早田カメラ史 『懐かしの1枚』

第二十八回 シュトラッサーさんの写真

ヴェネディッヒ(1993) ヴェネディッヒ(1993)

この写真、改装する前の店の中に飾ってあったのを覚えてる? 覚えてないの? まあ、今も飾ってある田村彰英さんが撮った黒澤明監督の後ろでお城のセットが燃えてる写真の方がインパクトはあるけど、これもすごくいい写真だよね。田村彰英さんはプロ中のプロだけど、この写真を撮った人はどちらかといえばアマチュアで、すっごいカメラコレクターだったの。まぁ、うちの親父が元気だった頃から店に来てくれていた鳥山さんみたいな感じ。すごくカメラが好きなだけじゃなくて、写真がすごく上手いの。

ずっと飾ってあったから額とガラスがヤニだらけになってる(笑)。昔はタバコOKで、両切のピースをばんばん吸う浅草寺の吉川先生なんかが毎日のように店に来てたからね。でも中身は綺麗なもんですよ。写真の下の方にエンピツで何か書いてあるよね。左に書いてあるのは何だ? Venedig。ヴェネディッヒって、ドイツ語でヴェネツィアのことだよ!ヴェニスで撮った写真なんだね。それで、右に2/94って番号があるから94枚プリントとしたうちの2番目。エディションナンバー。その横に、こちょこちょと書いてあるのがシュトラッサーさんのサインですよ。彼はこういうサインを書いてた。

シュトラッサーさんはね、ヨーロッパ・フォードの副社長をしていた人なんだよ。シュトラッサーさんに初めて会ったのはユーロなんてまだない時代だったから、ヨーロッパに行き始めて4年目くらいだったかな。1991年頃。だって、まだライカショップのペーターがまだ店をやっていなかったんだから。ライカショップの初代番頭になるハンネスが、まだ別の店にいた頃だからね。エリザベス・ソイカっていう店だよ。ペーターが自分の店を始めるっていうんでハンネスを引っ張ったんだから。あいつはカメラにめっぽう詳しいってね。

それでね、シュトラッサーさんのことを紹介してくれたのがそのハンネスなの。この写真は、シュトラッサーさんと会って最初の頃に「自分はカメラ集めだけじゃなくて写真も撮るんだよ」って、くれたの。ヨーロッパの人の家の中って、だいたい家族の写真が飾ってあるじゃない。でもシュトラッサーさんの家って、階段の横のところにズラーっと写真が飾ってあるんだけど、家族の写真じゃなくて自分の作品なの。カメラのコレクションとしてはフォクトレンダーもすごく集めていたけれど、撮るのはライカ。Rを使っていたから、この写真もRかもしれない。ライカR8かな。

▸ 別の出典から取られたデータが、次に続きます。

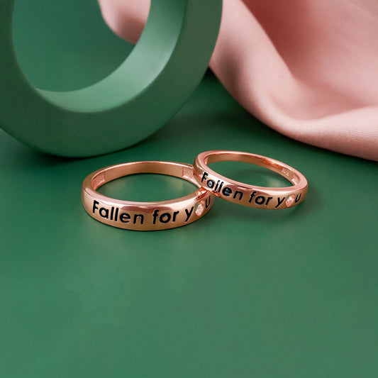 Rose Gold Fallen For You Couple RingsRing Size:12Metal:Colour:Rose GoldBuy NowCustomizeRegular price ₹3,599Sale price ₹3,599 Regular priceUnit price / per₹7,899Rose Gold Fallen For You Couple Rings
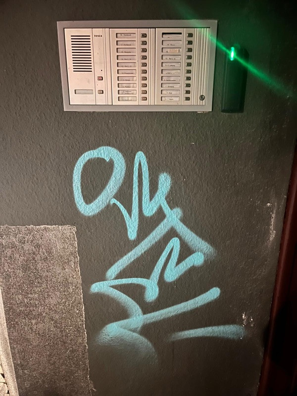 Graffity na domě u vchodu, hlášeno 16.11.2025 stále neodstraněno!

シュトラッサーさんの家があるのはオーストリアのリンツなの。ヨーロッパに行くたびにシュトラッサーさんのところに寄って、彼のカメラを買ってたんだよね。ミュンヘン〜リンツ〜ウィーン。ウィーン〜リンツ〜ミュンヘン。リンツって、ザルツブルグと一緒でミュンヘンとウィーンの途中なんだよ。それでリンツに初めて行ったんだよね。ちゃんと夫婦で駅まで迎えに来てくれて。引退してもフォードに乗ってたね。最後はベンツだったけどね。